● **INSTRUCTIONS TO FOLLOW**: Any picture in the data below should be skipped, while every line is repeated exactly.

● **DATA SHOWN**:
——————
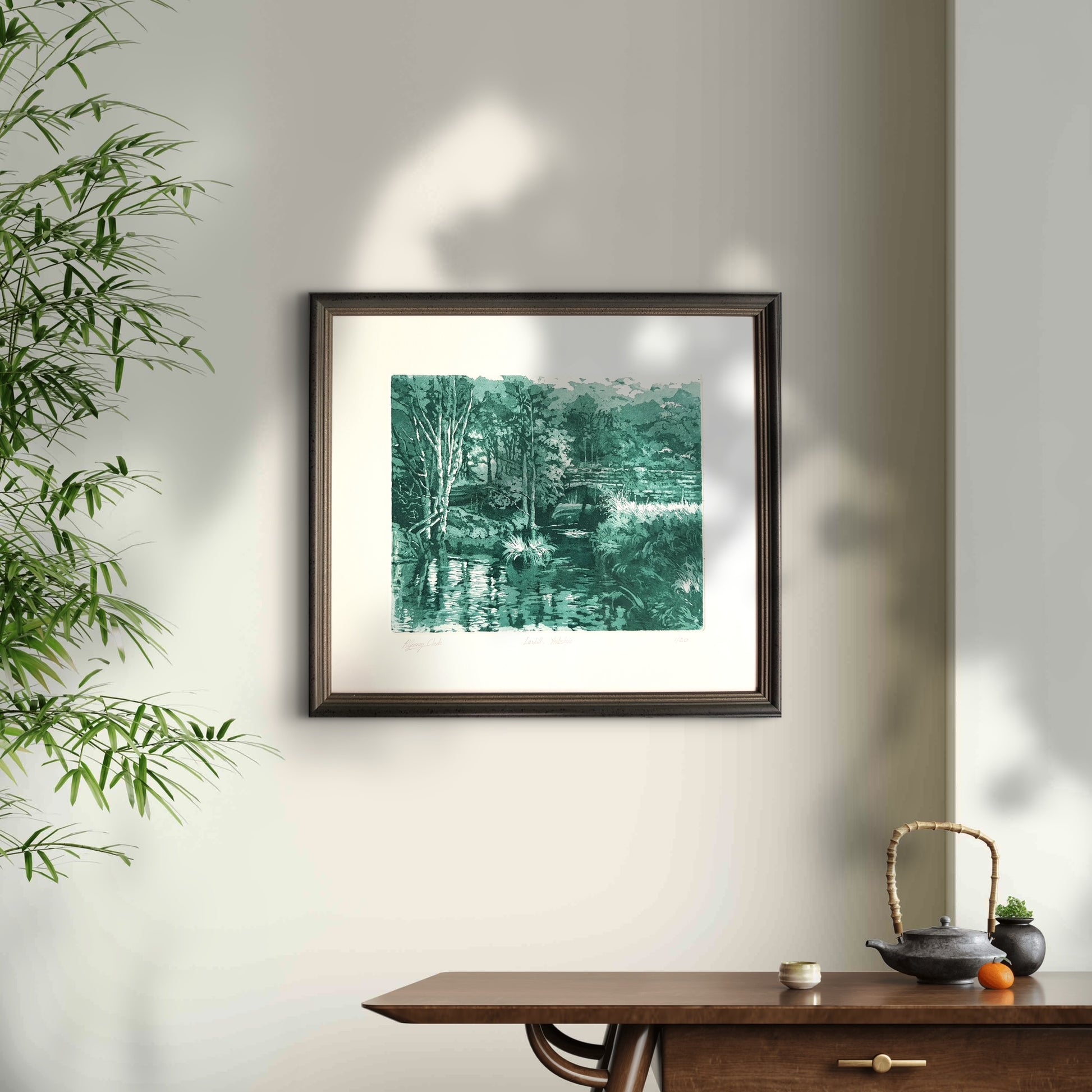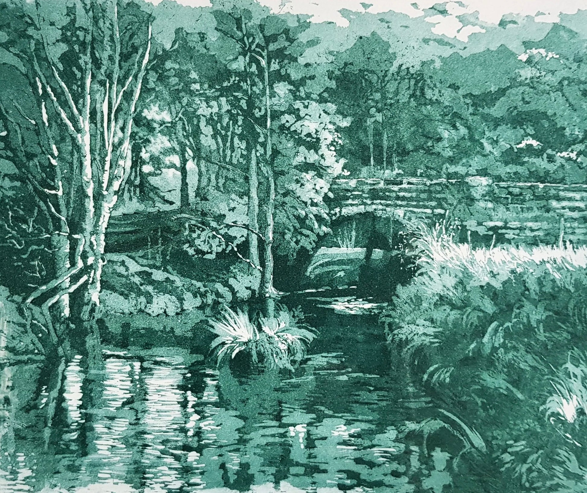 Woodland scene with a bridge over a stream, rendered in monochromatic green tones.
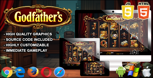 The Godfathers is a HTML5 Slot Machine (Casino game). This game has been developed in PHP / HTML5 / JavaScript and Phaser 3 with the HTML5 Slotbuilder – a no-code tool to build custom slots without programming! Features: • Audio / Musik on off • Fullscreen • Multilanguage Support (German, English, Spanish, French, Portuguese, Russian, Chinese, Hindi, Arabic, Bengali, Urdu, Indonesian, Japanese) • Multiple Resolutions: (low: 640×360 / middle: 1280×720 / high: 1920×1080) • Autoplay • 10 Winlines • Jackpot • Wild • Freegames Created with the HTML5 Slotbuilder – the easiest way to build custom slot games! The ZIP package contains the game with multiple resolution (low: 640×360 / middle: 1280×720 / high: 1920×1080) that scales to fit the current screen device. The game is fully compatible with all most common mobile devices and browsers. Easy Installation The ZIP package contains the game with multiple resolution (low: 640×360 / middle: 1280×720 / high: 1920×1080) that scales to fit the current screen device. Simply upload to your Server Compatibility Fully compatible with most servers, however always good to check with your admin team or host company. Naturally achieving 100% compatibility across every device screen size is very difficult, but all games created are tested on the most common of all web browsers and devices including Chrome, Firefox, Safari and Opera, tablets, laptops, iPhone and Android devices. Technical Details This game has been developed in PHP / HTML5 / JavaScript and third-party library Phaser 3 http://phaser.io/ with the HTML5 Slotbuilder For further technical info please read the documentation(Only For Premium Category Products !)
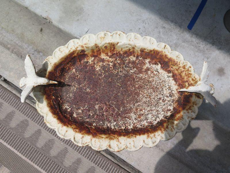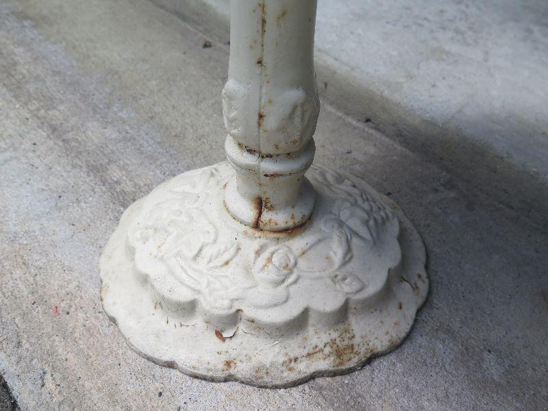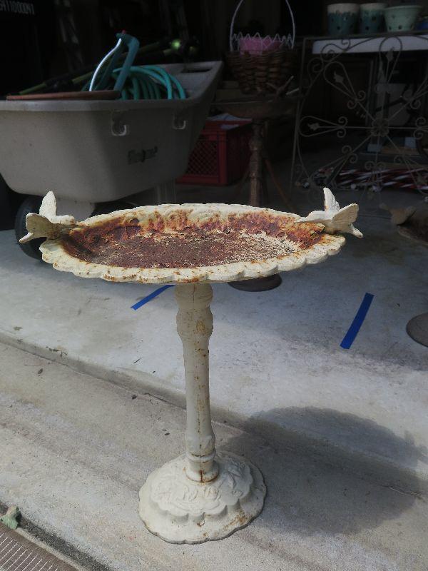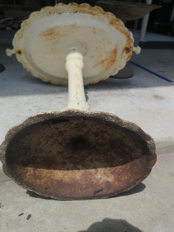 Scalloped rim, iron bird bath with scalloped base, 18 inches tall. Two birds attached on top. Rusty, but charming. **Please read Terms and Conditions before placing a bid. Pick up is Wednesday July 31st, from 2 pm to 7pm in Sicklerville. All sales are final. All sales are as is, where is. Please review all photos. Any props included in photos are not included in listing. All measurements are approximate.
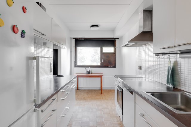- Jääkaappipakastin, liesi, astianpesukone, ja liesituuletin
——————
● **SOLUTION**:
 Woodland scene with a bridge over a stream, rendered in monochromatic green tones.
 The Godfathers is a HTML5 Slot Machine (Casino game). This game has been developed in PHP / HTML5 / JavaScript and Phaser 3 with the HTML5 Slotbuilder – a no-code tool to build custom slots without programming! Features: • Audio / Musik on off • Fullscreen • Multilanguage Support (German, English, Spanish, French, Portuguese, Russian, Chinese, Hindi, Arabic, Bengali, Urdu, Indonesian, Japanese) • Multiple Resolutions: (low: 640×360 / middle: 1280×720 / high: 1920×1080) • Autoplay • 10 Winlines • Jackpot • Wild • Freegames Created with the HTML5 Slotbuilder – the easiest way to build custom slot games! The ZIP package contains the game with multiple resolution (low: 640×360 / middle: 1280×720 / high: 1920×1080) that scales to fit the current screen device. The game is fully compatible with all most common mobile devices and browsers. Easy Installation The ZIP package contains the game with multiple resolution (low: 640×360 / middle: 1280×720 / high: 1920×1080) that scales to fit the current screen device. Simply upload to your Server Compatibility Fully compatible with most servers, however always good to check with your admin team or host company. Naturally achieving 100% compatibility across every device screen size is very difficult, but all games created are tested on the most common of all web browsers and devices including Chrome, Firefox, Safari and Opera, tablets, laptops, iPhone and Android devices. Technical Details This game has been developed in PHP / HTML5 / JavaScript and third-party library Phaser 3 http://phaser.io/ with the HTML5 Slotbuilder For further technical info please read the documentation(Only For Premium Category Products !)
 Scalloped rim, iron bird bath with scalloped base, 18 inches tall. Two birds attached on top. Rusty, but charming. **Please read Terms and Conditions before placing a bid. Pick up is Wednesday July 31st, from 2 pm to 7pm in Sicklerville. All sales are final. All sales are as is, where is. Please review all photos. Any props included in photos are not included in listing. All measurements are approximate.
- Jääkaappipakastin, liesi, astianpesukone, ja liesituuletin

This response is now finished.